In this article, we will understand what Dynamic Data masking is and how it helps to eliminate all the chances of unmasked data getting revealed.
Introduction
At the time of writing this article, it’s been more than 2 months since the most secure and powerful SQL Server yet released for the public. It has many features which you can use to make your data and application more secure, more maintained and easily retrieved as per your requirements. It has introduced both client side security such as Always Encrypted as well as server side security such as Data masking, etc. In this post, we’ll examine how Dynamic Data Masking can help secure our data.
Earlier, we were masking the sensitive data by applying logic at application end or by replacing characters at SQL Server end and then returning the masked data to the application. In the former case, the risk was at:
- When application fails to mask data
- Sensitive data transferred over network
- All the users in SQL Server with
SELECT
permission still can access the unmasked data
In the later case, the first two risks are eliminated but still there is a chance that the sensitive data can be revealed by the SQL Server user through which the application retrieves data.
When application fails to mask data Sensitive data transferred over network - All the users in SQL Server with
SELECT
permission still can access the unmasked data
So, let’s quickly jump into the next section to understand what Dynamic Data masking is and how it helps to eliminate all these chances of unmasked data getting revealed.
Data Masking
If you search for the definition of Data Masking over the web, you’ll end up with varied descriptions. The simplest and straight forward definition can be:
“Data masking is the process of hiding original data with random characters or data.”
--wikipedia
If we look further, there are various data masking techniques available such as:
- Shuffling: Shuffling order of the characters in the value.
Example: 12345 -----> 35312 - Nulling: Substituting characters in the value with null (hash) symbol.
Example: 12345 -----> ###45 - Substitution: Substituting value with another value from a substitution table.
Example: Suvendu Giri -----> John Ptak - Masking Out: Masks the complete data or a selective part of the data.
Example: suvendu@mydomain.com -----> suvendu@xxxx.xxx
etc.
Considering many techniques of data masking, they can be categorized into three types:
- Static Data Masking: Original data in production changed to masked data
- On-the-fly Data masking: Copies data from one source to another source and masking done on the later
- Dynamic data masking: Masking done dynamically at runtime
Dynamic Data Masking
“Dynamic data masking limits sensitive data exposure by masking it to non-privileged users.
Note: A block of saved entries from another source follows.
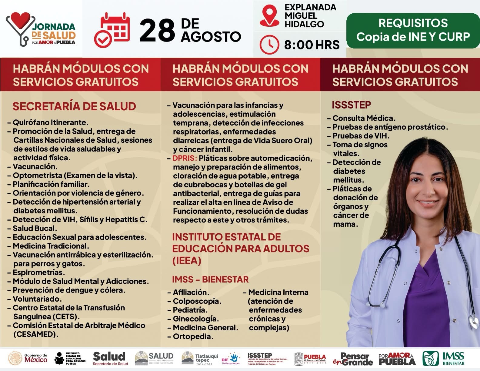 Tlatlauquitepec, Pue.- Este jueves 28 de agosto, el zócalo del municipio será sede de la jornada de salud integral “Por Amor a Puebla”, que ofrecerá 33 servicios médicos completamente gratuitos, desde consultas hasta cirugías de mínima complejidad y vacunación para todas las edades. Las autoridades invitan a toda la población a aprovechar esta iniciativa estatal y federal.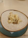 Пришли сюда на завтрак, остались разочарованы. "Каша с фруктами" Оказалась вообще без фруктов, когда я спросила, где они, официант сказал "сейчас исправим " И принесли мне вот такое. Я думаю должна было бы быть как-то более-менее сервированно, по крайней мере без почерневших бананов. Рисовую кашу тоже принесли без фруктов. Кавказский завтрак оказался неплох. Потом принесли кофе, красиво украсили, вопросов нет. Ждали счёт около 15 минут, потому что у них отключился компьютер.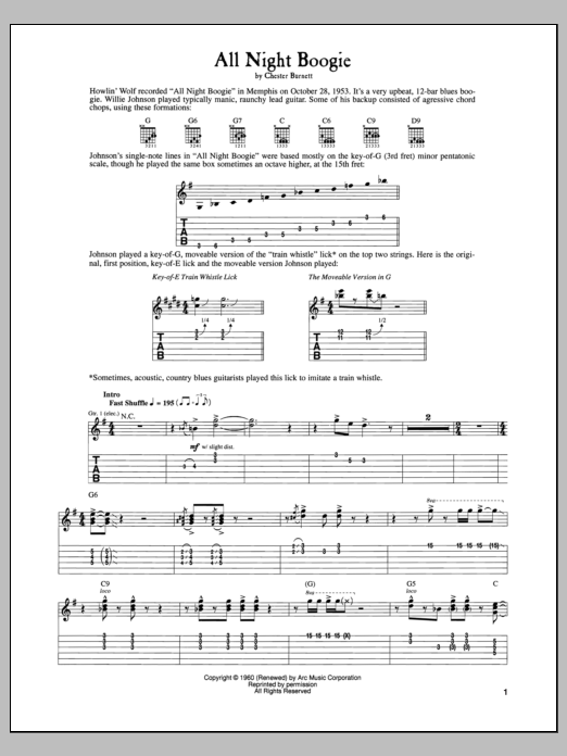 Download or print Howlin' Wolf All Night Boogie sheet music, chords and digital score arranged for Guitar Tab. This Blues score includes 6 page(s).

Dynamic data masking helps prevent unauthorized access to sensitive data by enabling customers to designate how much of the sensitive data to reveal with minimal impact on the application layer. It’s a data protection feature that hides the sensitive data in the result set of a query over designated database fields, while the data in the database is not changed.”
--- MSDN
So, dynamic data masking alters the result for non-privileged users while streaming and not with data in the production database.
Data Masking in MySQL
As far I know, till the recent version of MySQL, there is no inbuilt mechanism to provide dynamic data masking capabilities. The possible options for MySQL users seems to be:
- Use 3rd party tools
- Use custom scripts/functions
Examples:
SELECT '****' AS PhoneNumber
FROM `Employees`
SELECT REPEAT('*', CHAR_LENGTH(PhoneNumber) - 6) AS PhoneNumber
FROM `Employees`
SELECT CONCAT(SUBSTR(PhoneNumber, 1, 4), _
REPEAT('*', CHAR_LENGTH(PhoneNumber) - 4)) AS PhoneNumber
FROM `Employees`
Data Masking in PostgreSQL
Same as MySQL. It seems they are still lacking this feature. However, we can make use of some custom scripts or user defined functions.
Azure SQL Database too supports the dynamic data masking similar to SQL Server and I have heard from my friends that Oracle provides some kind of mechanism for data masking, although I haven’t ever used it.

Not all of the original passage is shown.